ASSIGNMENT:
The records that follow must be repeated exactly, minus the images.

DATA SHOWN:
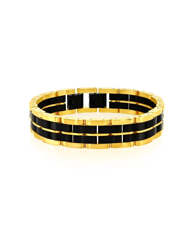 Metallo Stainless Steel, Two-Tone Double Striped Linked Bracelet
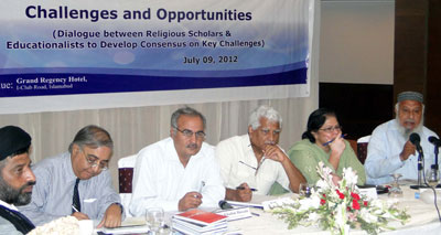 Chaired by Dr. Khalid Masood (director, Islamic Research Institute, International Islamic University, Islamabad), the first session focused on different education systems in Pakistan. Prominent religious scholars and educationists discussed the challenges facing the religious and mainstream education in Pakistan, respectively, and the required responses to cope with these challenges.
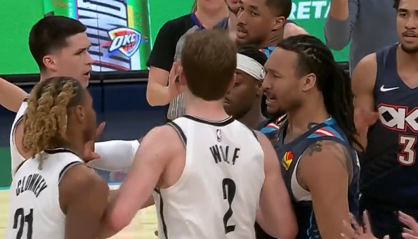 虎扑02月21日讯NBA常规赛,篮网对阵雷霆的比赛正在进行中。
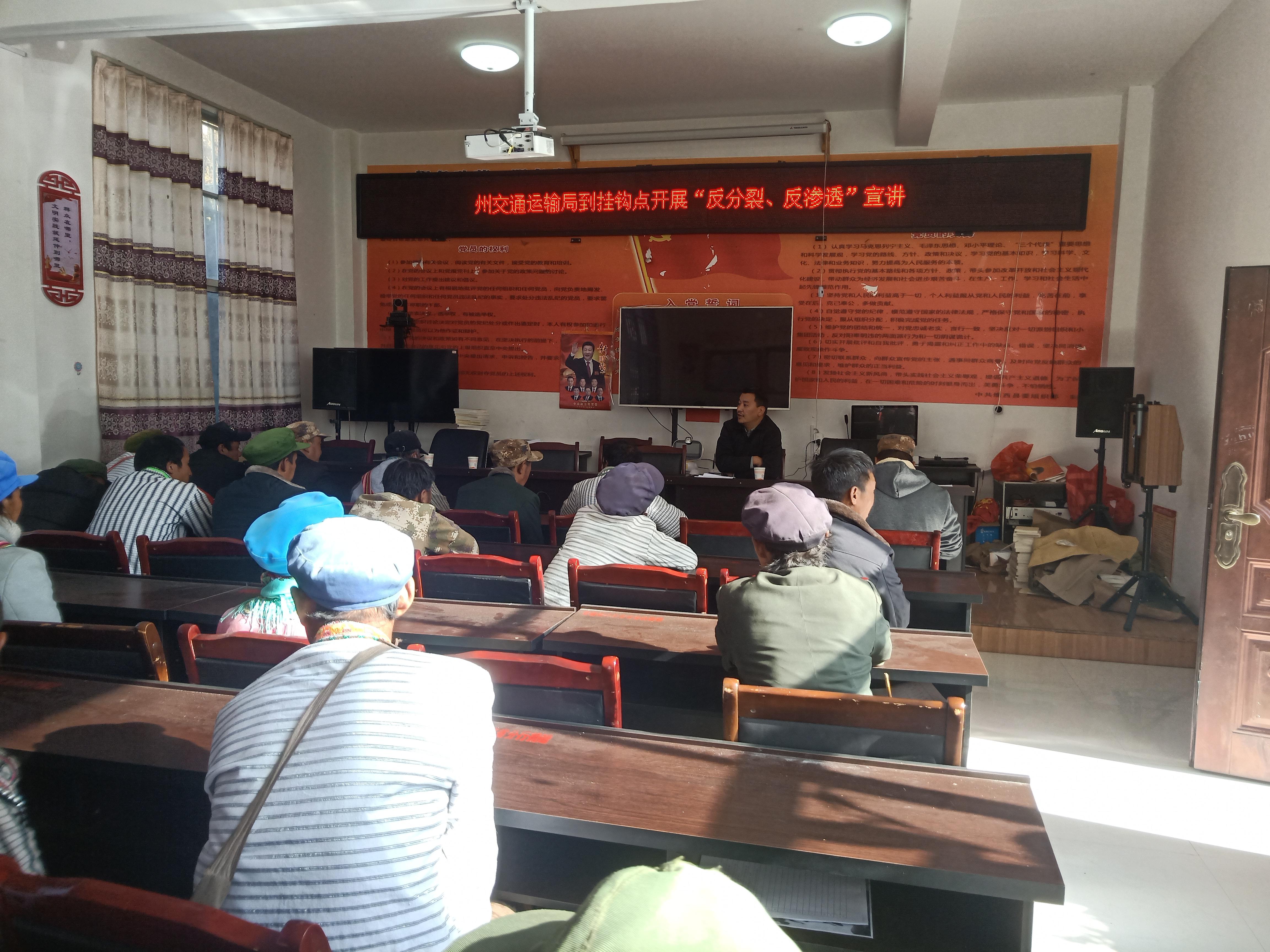 反分裂反渗透工作开展以来,迪庆藏族自治州交通运输系统认真组织,周密谋划,多措并举,全面传达学习贯彻相关精神,并将学习反分裂反渗透精神作为当前和今后一个时期的中心任务。近日,我局在开展扶贫点维西县中路乡腊八山村开展“反分裂、反渗透”宣讲活动。
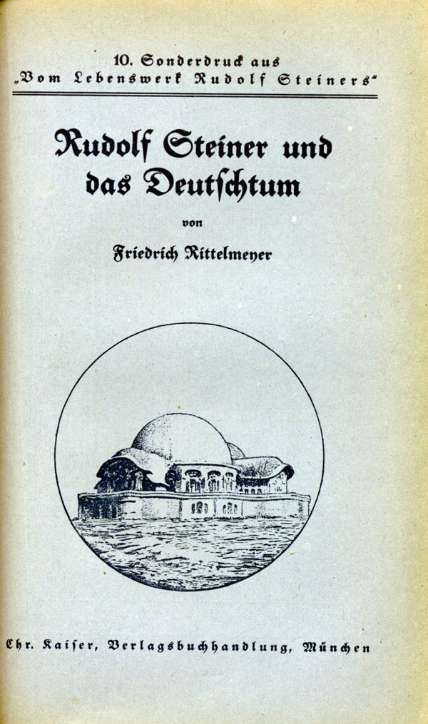 Rudolf Steiner und das Deutschtum Das Titelblatt der bei Christian Kaiser in München verlegten Schrift von Friedrich Rittelmeyer zeigt das von Steiner erbaute ersteGoetheanum
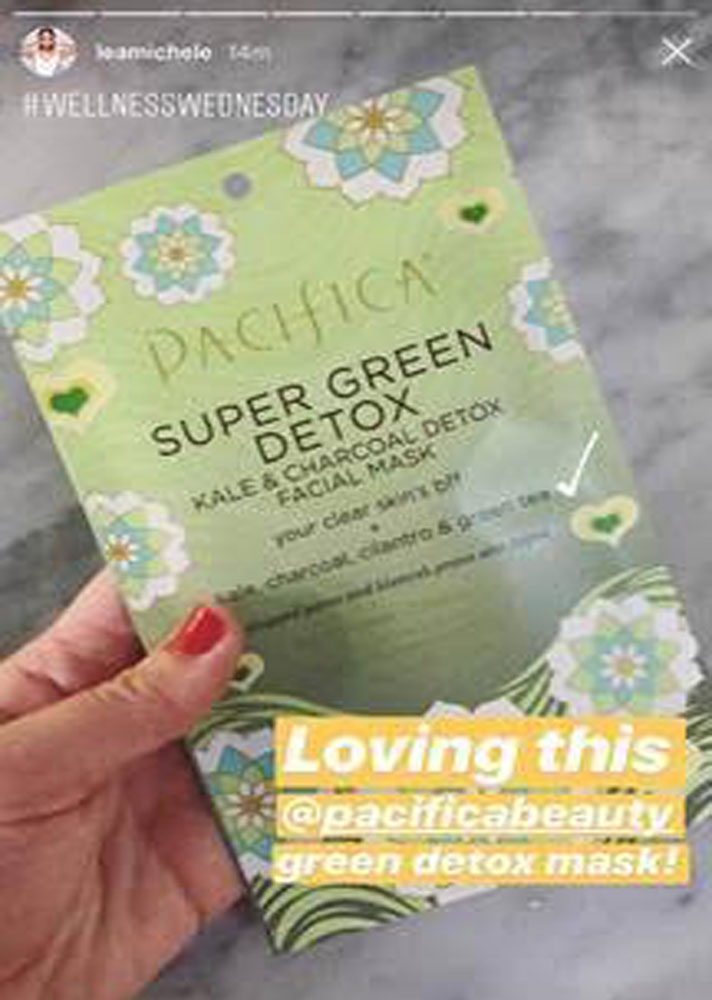 “Loving this @pacificabeauty green detox mask!,” she wrote on Instagram Stories.
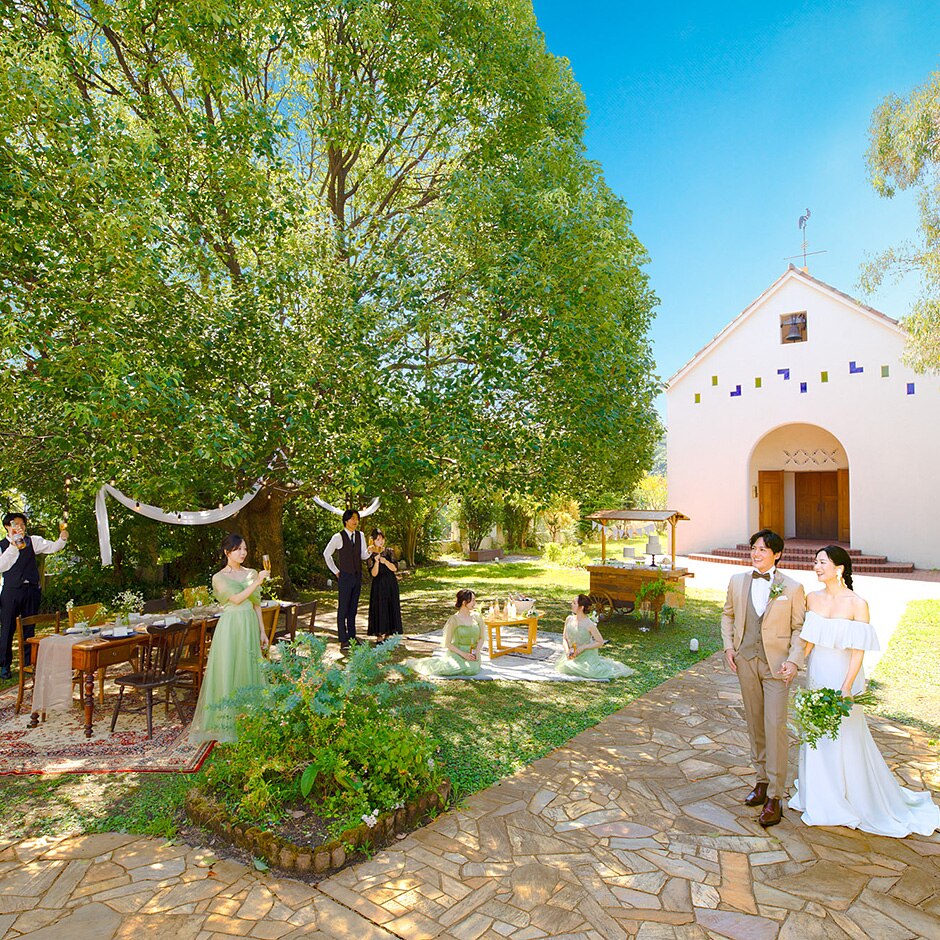 南仏のような緑溢れるガーデンに佇む独立型チャペル

COMPLETED EXERCISE:
 Metallo Stainless Steel, Two-Tone Double Striped Linked Bracelet
 Chaired by Dr. Khalid Masood (director, Islamic Research Institute, International Islamic University, Islamabad), the first session focused on different education systems in Pakistan. Prominent religious scholars and educationists discussed the challenges facing the religious and mainstream education in Pakistan, respectively, and the required responses to cope with these challenges.
 虎扑02月21日讯NBA常规赛,篮网对阵雷霆的比赛正在进行中。
 反分裂反渗透工作开展以来,迪庆藏族自治州交通运输系统认真组织,周密谋划,多措并举,全面传达学习贯彻相关精神,并将学习反分裂反渗透精神作为当前和今后一个时期的中心任务。近日,我局在开展扶贫点维西县中路乡腊八山村开展“反分裂、反渗透”宣讲活动。
 Rudolf Steiner und das Deutschtum Das Titelblatt der bei Christian Kaiser in München verlegten Schrift von Friedrich Rittelmeyer zeigt das von Steiner erbaute ersteGoetheanum
 “Loving this @pacificabeauty green detox mask!,” she wrote on Instagram Stories.
 南仏のような緑溢れるガーデンに佇む独立型チャペル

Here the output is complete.